• **Extracted data**
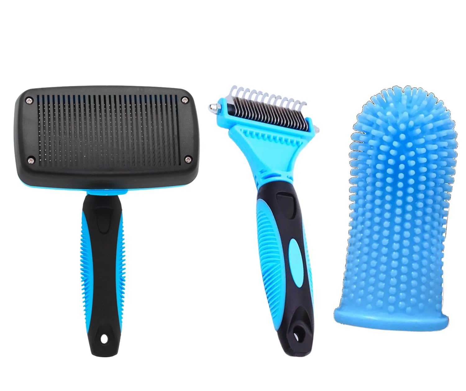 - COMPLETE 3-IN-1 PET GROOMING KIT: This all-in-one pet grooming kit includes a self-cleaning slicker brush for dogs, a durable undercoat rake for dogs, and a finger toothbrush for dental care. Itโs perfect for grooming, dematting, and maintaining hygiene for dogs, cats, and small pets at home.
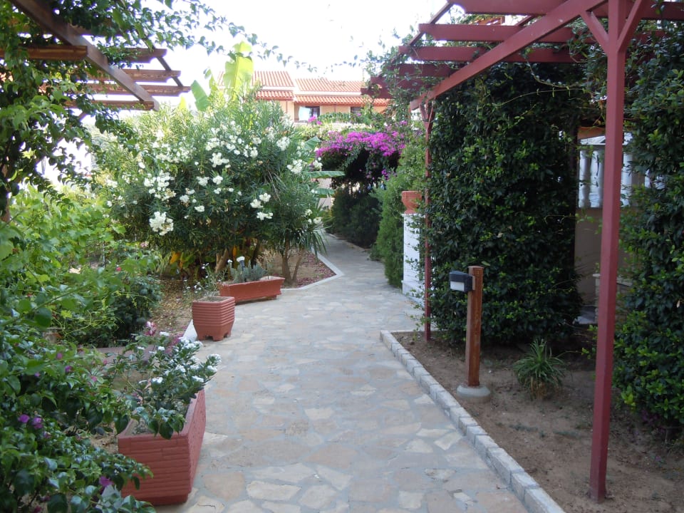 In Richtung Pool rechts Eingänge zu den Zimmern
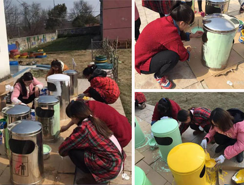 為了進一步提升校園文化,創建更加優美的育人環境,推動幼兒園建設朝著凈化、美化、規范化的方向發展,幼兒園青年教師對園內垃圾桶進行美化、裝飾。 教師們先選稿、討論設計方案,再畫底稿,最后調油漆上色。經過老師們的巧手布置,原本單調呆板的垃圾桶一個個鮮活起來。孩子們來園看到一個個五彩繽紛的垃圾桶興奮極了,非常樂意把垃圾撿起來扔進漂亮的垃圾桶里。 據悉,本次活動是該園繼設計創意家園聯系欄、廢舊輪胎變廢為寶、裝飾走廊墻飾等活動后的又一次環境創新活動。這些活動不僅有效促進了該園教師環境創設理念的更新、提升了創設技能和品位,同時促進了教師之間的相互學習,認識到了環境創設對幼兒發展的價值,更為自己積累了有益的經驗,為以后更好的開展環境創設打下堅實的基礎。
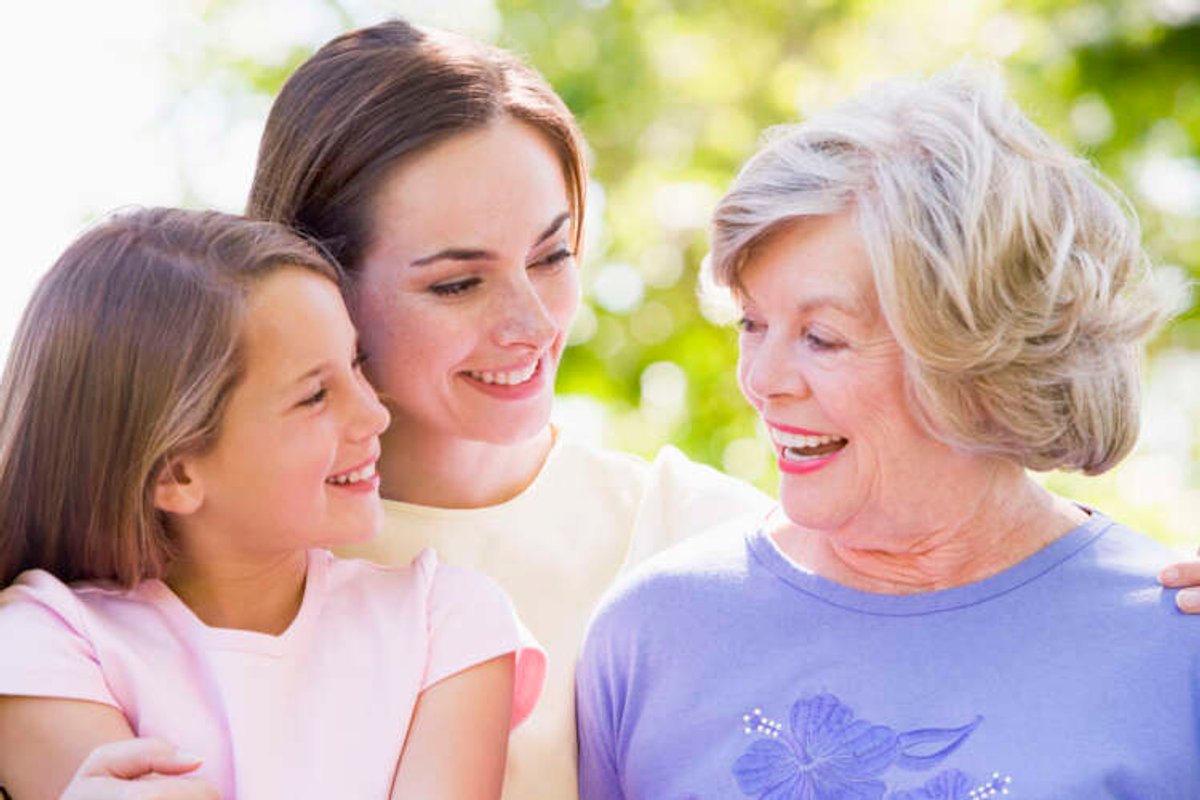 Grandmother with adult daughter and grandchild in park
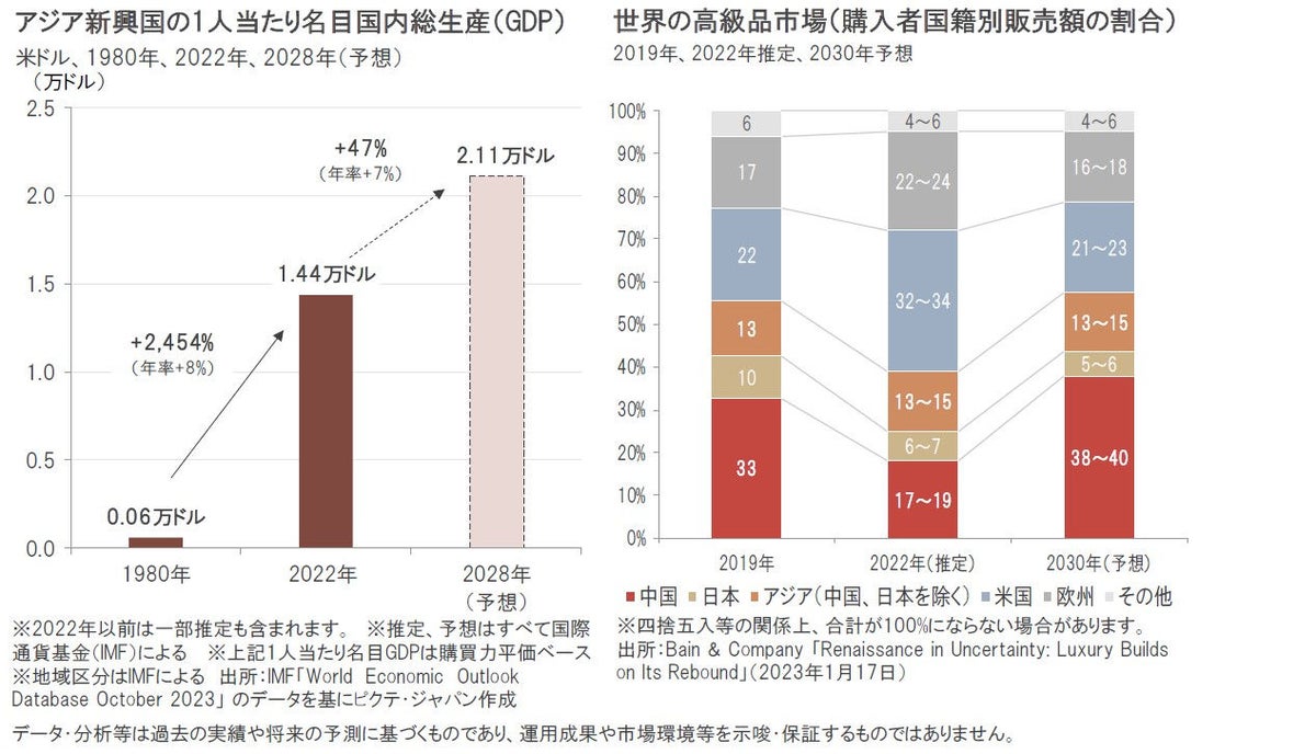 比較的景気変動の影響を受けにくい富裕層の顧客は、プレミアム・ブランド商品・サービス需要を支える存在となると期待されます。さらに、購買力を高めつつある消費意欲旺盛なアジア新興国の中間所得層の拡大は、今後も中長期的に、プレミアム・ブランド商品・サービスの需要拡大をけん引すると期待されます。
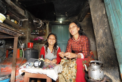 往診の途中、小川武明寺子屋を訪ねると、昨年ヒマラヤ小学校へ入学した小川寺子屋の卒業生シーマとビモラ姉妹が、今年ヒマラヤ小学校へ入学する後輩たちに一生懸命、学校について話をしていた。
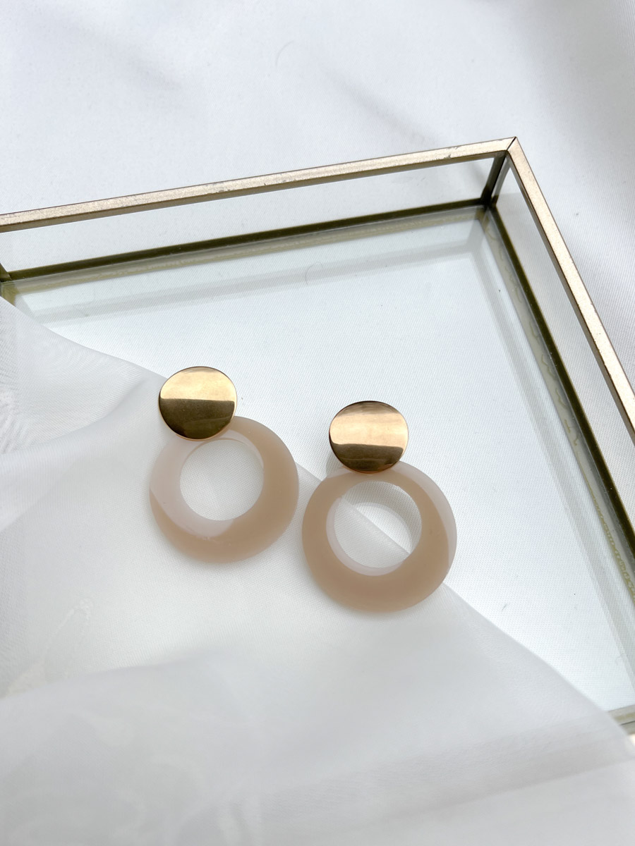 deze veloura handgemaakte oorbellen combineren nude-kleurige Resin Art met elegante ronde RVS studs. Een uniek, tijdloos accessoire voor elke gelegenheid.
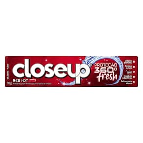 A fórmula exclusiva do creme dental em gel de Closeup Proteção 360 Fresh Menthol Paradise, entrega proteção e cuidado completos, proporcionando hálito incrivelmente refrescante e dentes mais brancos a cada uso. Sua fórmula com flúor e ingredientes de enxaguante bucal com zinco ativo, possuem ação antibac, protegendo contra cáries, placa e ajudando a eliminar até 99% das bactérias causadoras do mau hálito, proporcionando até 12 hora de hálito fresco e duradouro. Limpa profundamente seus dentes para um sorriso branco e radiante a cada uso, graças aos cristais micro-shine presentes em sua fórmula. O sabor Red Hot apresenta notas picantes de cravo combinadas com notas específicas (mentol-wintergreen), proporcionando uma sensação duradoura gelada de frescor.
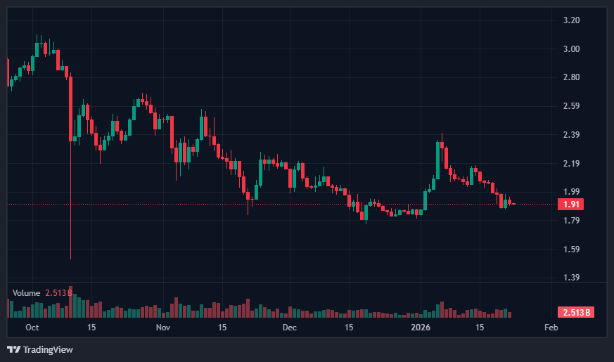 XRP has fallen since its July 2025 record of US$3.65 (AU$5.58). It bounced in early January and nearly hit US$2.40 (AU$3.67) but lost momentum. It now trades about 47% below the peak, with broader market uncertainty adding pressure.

• **Work instructions**
All of the material must be repeated exactly in the answer, apart from the pictures.

• **Result of this exercise**
 - COMPLETE 3-IN-1 PET GROOMING KIT: This all-in-one pet grooming kit includes a self-cleaning slicker brush for dogs, a durable undercoat rake for dogs, and a finger toothbrush for dental care. Itโs perfect for grooming, dematting, and maintaining hygiene for dogs, cats, and small pets at home.
 In Richtung Pool rechts Eingänge zu den Zimmern
 為了進一步提升校園文化,創建更加優美的育人環境,推動幼兒園建設朝著凈化、美化、規范化的方向發展,幼兒園青年教師對園內垃圾桶進行美化、裝飾。 教師們先選稿、討論設計方案,再畫底稿,最后調油漆上色。經過老師們的巧手布置,原本單調呆板的垃圾桶一個個鮮活起來。孩子們來園看到一個個五彩繽紛的垃圾桶興奮極了,非常樂意把垃圾撿起來扔進漂亮的垃圾桶里。 據悉,本次活動是該園繼設計創意家園聯系欄、廢舊輪胎變廢為寶、裝飾走廊墻飾等活動后的又一次環境創新活動。這些活動不僅有效促進了該園教師環境創設理念的更新、提升了創設技能和品位,同時促進了教師之間的相互學習,認識到了環境創設對幼兒發展的價值,更為自己積累了有益的經驗,為以后更好的開展環境創設打下堅實的基礎。
 Grandmother with adult daughter and grandchild in park
 比較的景気変動の影響を受けにくい富裕層の顧客は、プレミアム・ブランド商品・サービス需要を支える存在となると期待されます。さらに、購買力を高めつつある消費意欲旺盛なアジア新興国の中間所得層の拡大は、今後も中長期的に、プレミアム・ブランド商品・サービスの需要拡大をけん引すると期待されます。
 往診の途中、小川武明寺子屋を訪ねると、昨年ヒマラヤ小学校へ入学した小川寺子屋の卒業生シーマとビモラ姉妹が、今年ヒマラヤ小学校へ入学する後輩たちに一生懸命、学校について話をしていた。
 deze veloura handgemaakte oorbellen combineren nude-kleurige Resin Art met elegante ronde RVS studs. Een uniek, tijdloos accessoire voor elke gelegenheid.
 A fórmula exclusiva do creme dental em gel de Closeup Proteção 360 Fresh Menthol Paradise, entrega proteção e cuidado completos, proporcionando hálito incrivelmente refrescante e dentes mais brancos a cada uso. Sua fórmula com flúor e ingredientes de enxaguante bucal com zinco ativo, possuem ação antibac, protegendo contra cáries, placa e ajudando a eliminar até 99% das bactérias causadoras do mau hálito, proporcionando até 12 hora de hálito fresco e duradouro. Limpa profundamente seus dentes para um sorriso branco e radiante a cada uso, graças aos cristais micro-shine presentes em sua fórmula. O sabor Red Hot apresenta notas picantes de cravo combinadas com notas específicas (mentol-wintergreen), proporcionando uma sensação duradoura gelada de frescor.
 XRP has fallen since its July 2025 record of US$3.65 (AU$5.58). It bounced in early January and nearly hit US$2.40 (AU$3.67) but lost momentum. It now trades about 47% below the peak, with broader market uncertainty adding pressure.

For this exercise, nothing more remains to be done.